As Pakistan joins more than sixty countries in signing the world’s first UN cybercrime convention, it steps into a global alliance as fraught as it is overdue. Marketed as a milestone against digital predators and transnational fraud, the treaty promises cooperation on hacking, scams, and online child exploitation. Yet beneath the rhetoric of “shared e-evidence” lies a framework that could quietly legitimise global surveillance with only token safeguards.

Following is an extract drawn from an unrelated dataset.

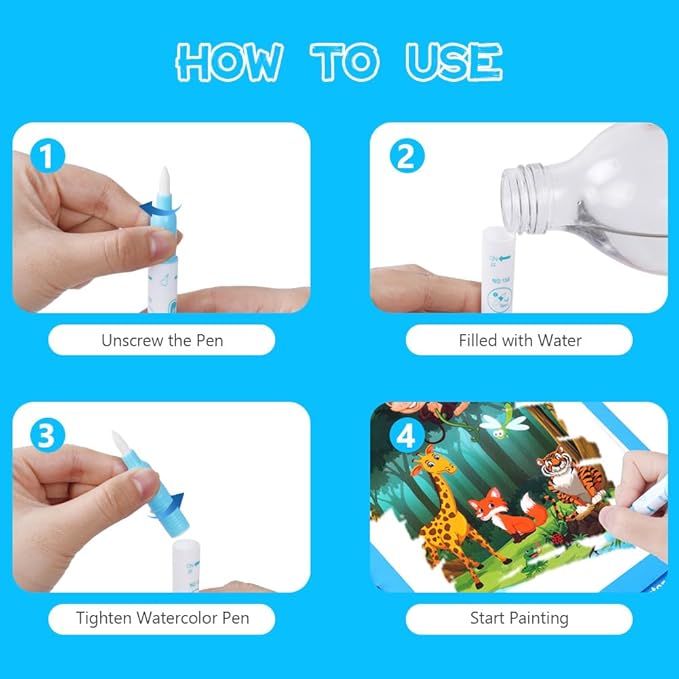 - Easy to Use: You just use the magic pen with water, add some water, and smear on every corner of the water book to see the hidden colors, patterns, and text; they will disappear naturally after drying for 8 minutes, so you can use it again and again Write and paint again with these watercolor paints!

Supporters call it a necessary weapon against crimes that defy borders. UN Secretary-General António Guterres hailed it as an “important milestone” against scams that “destroy families, steal migrants, and drain billions.” Pakistan, too, faces these dangers. In recent years, ransomware and data breaches have targeted utilities, banks, and telecom networks. Cyber fraud complaints have surged past seventy thousand a year, with more than half involving online financial scams. The appetite for stronger cross-border enforcement is understandable. However, Human Rights Watch cautions that it extends far beyond addressing cybercrime and obligates states to establish broad electronic surveillance powers, including sharing data for any foreign “serious crime” defined as four-plus years in jail. In practice, a Pakistani court could be compelled to release personal communications on vague foreign requests, with no binding requirement for judicial review. Optional human-rights clauses–privacy, transparency, remedy–can simply be ignored. In a country where the Prevention of Electronic Crimes Act has already been used to silence journalists and order arbitrary content takedowns, such powers are combustible.
Pakistan’s digital transformation in recent years has been remarkable and makes careful treaty scrutiny all the more urgent. Today, well over 100 million Pakistanis use the internet. Mobile penetration is at roughly 78%, and broadband coverage now exceeds 60% of the population.
This connectivity is a double-edged sword. On one hand, Pakistan needs robust defences. Our government rightly deplores how extremist groups spread propaganda via encrypted apps, how criminal networks launder money through crypto, and how ransomware can halt a public utility. A treaty that promised to target, say, ISIS’s online finance networks or global child-porn rings – and to do so with cross-border evidence-sharing – might serve our security interests. Vietnam’s police, where the treaty was signed, even invoked child exploitation and cyberscams as targets.
On the other hand, our regulatory context is still fragile since law enforcement and intelligence agencies operate with little transparency, while cyber-laws have repeatedly been criticised for vague wording and over-reach. Pakistan’s official position has been cautiously supportive so far. Senior officials see the security angle and are determined not to be out of step with geopolitics. But here we must ask: to what price?